The expected output is the full data, repeated exactly, without pictures.

Data block:
________________________________________

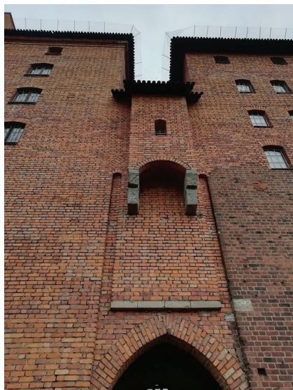
Сухой туалет замка Мальборк, Польша.
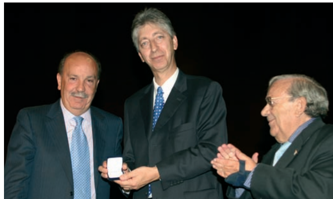
De izquierda a derecha, el Alcalde de Las Rozas, el Alcalde de Villebon recibiendo la Medalla Conmemorativa y el Concejel de Participación y Cooperación de Las Rozas

En Las Rozas, y con las fiestas de San Miguel como marco, se ha instalado una escultura que simboliza la amistad entre los pueblos de Villebon sur Yvette y Las Rozas a través de la representación de dos muchachas, una francesa y otra española, que charlan sentadas en un banco de la calle Real. Esta escultura, obra de Liliane Caumont, está realizada en bronce. En la imagen, la escultora y el fundador.

________________________________________

Output below:
Сухой туалет замка Мальборк, Польша.
De izquierda a derecha, el Alcalde de Las Rozas, el Alcalde de Villebon recibiendo la Medalla Conmemorativa y el Concejel de Participación y Cooperación de Las Rozas

En Las Rozas, y con las fiestas de San Miguel como marco, se ha instalado una escultura que simboliza la amistad entre los pueblos de Villebon sur Yvette y Las Rozas a través de la representación de dos muchachas, una francesa y otra española, que charlan sentadas en un banco de la calle Real. Esta escultura, obra de Liliane Caumont, está realizada en bronce. En la imagen, la escultora y el fundador.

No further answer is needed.